Not quite on everyone’s radar as holidays go is Yom Yerushaliyim, Jerusalem Day. Because of the fact that Shavuot happens so soon after and people make such a big deal over Yom Ha’Atzmauot (Israeli Independence Day), Yom Yerushaliyim gets lost in the shuffle. This is particularly messed up because while there is a big debate over whether to celebrate Yom HaAtzmaut, everyone agrees that there is something about Yom Yerushaliyim.
Yom Yerushaliyim is the day that the Jews were able to return to Jerusalem in 1967 during the Six Day War after the Jordanians had expelled all of the Jews from Jerusalem back in 1948 during the War of Liberation. Not only were the Jews able to return to live, but for the first time in almost 2,000 years, Jews had sovereignty over their eternal capital. Given, political decisions on the part of the Israeli leadership have compromised that sovereignty in ways no other country would even consider allowing to happen, but that doesn’t take away from the importance of the day.

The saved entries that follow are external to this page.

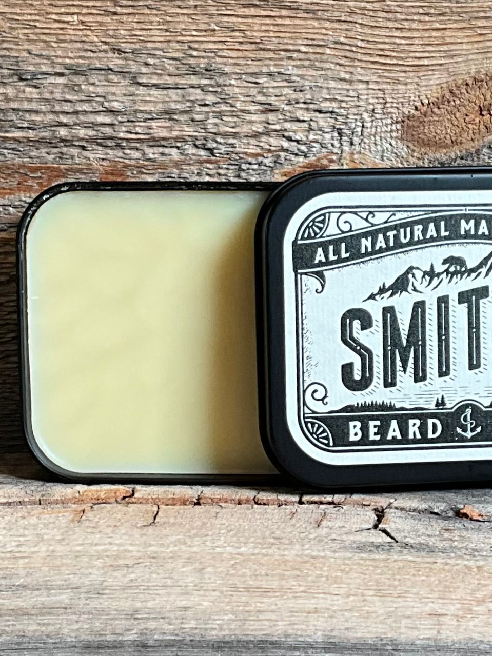 Introducing Smith's Beard Balm, crafted with organic cocoa butter, beeswax, and pure sweet almond oil. No more waxy or greasy beard products, just a light scent of dark chocolate and nutty almond. Nourish and strengthen the skin beneath your beard with this hand poured, organic formula in every jar.
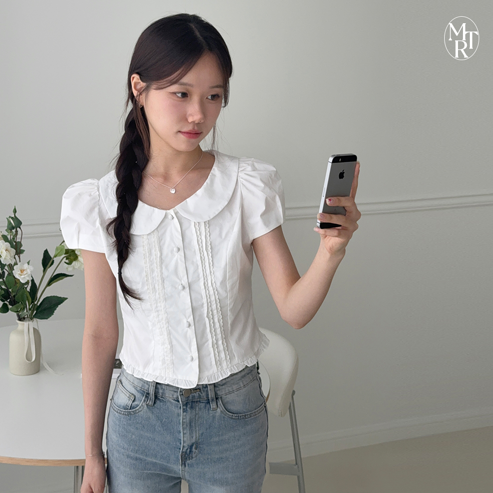 [여리핏/데이트룩💓] 유아 라운드넥카라 러블리 퍼프 블라우스 (BL8005)
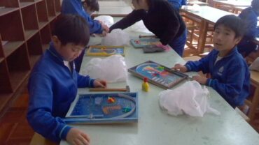 2025.12.12 学校 4年生 4年生 コリントゲーム完成! 4年生の図画工作科でつくってきた「コリントゲーム」が完成しました。 デザインや得点、配置を考えて釘を打ち、様々な種類やゲーム性のある台になりました。 完成後は、友達のゲームを遊んで回り、感想を伝えたり、得点を競ったりして楽しみました。

This year, and I’m pretty sure every year, Yom Yerushaliyim falls out right after these parshiot. In Behokutai toward the end, it discusses special laws dealing with property rights in Israel, which are unique to Israel. There, a distinction is drawn between the rest of the land and walled cities, which Yerushaliyim is one. Walled cities have a greater level of sanctity than any other parts of the land and have their own unique laws. Yerushaliyim, the capital of the Jews and the seat of the Holy Temple, has even greater sanctity attached to it, but this is mentioned elsewhere.
3,300 years ago, the Jews didn’t know what exactly the Judaism of their descendants would look like. They certainly didn’t see all of the events that would happen with all of the conquests in the land. And yet, even here there’s an allusion, or coincidence if you prefer, to the fact that Jews would always be connected to Israel and Yerushaliyim, and that the parshiot would always line up in such a way as to hint to the future of the Jews, which is always rooted in the past.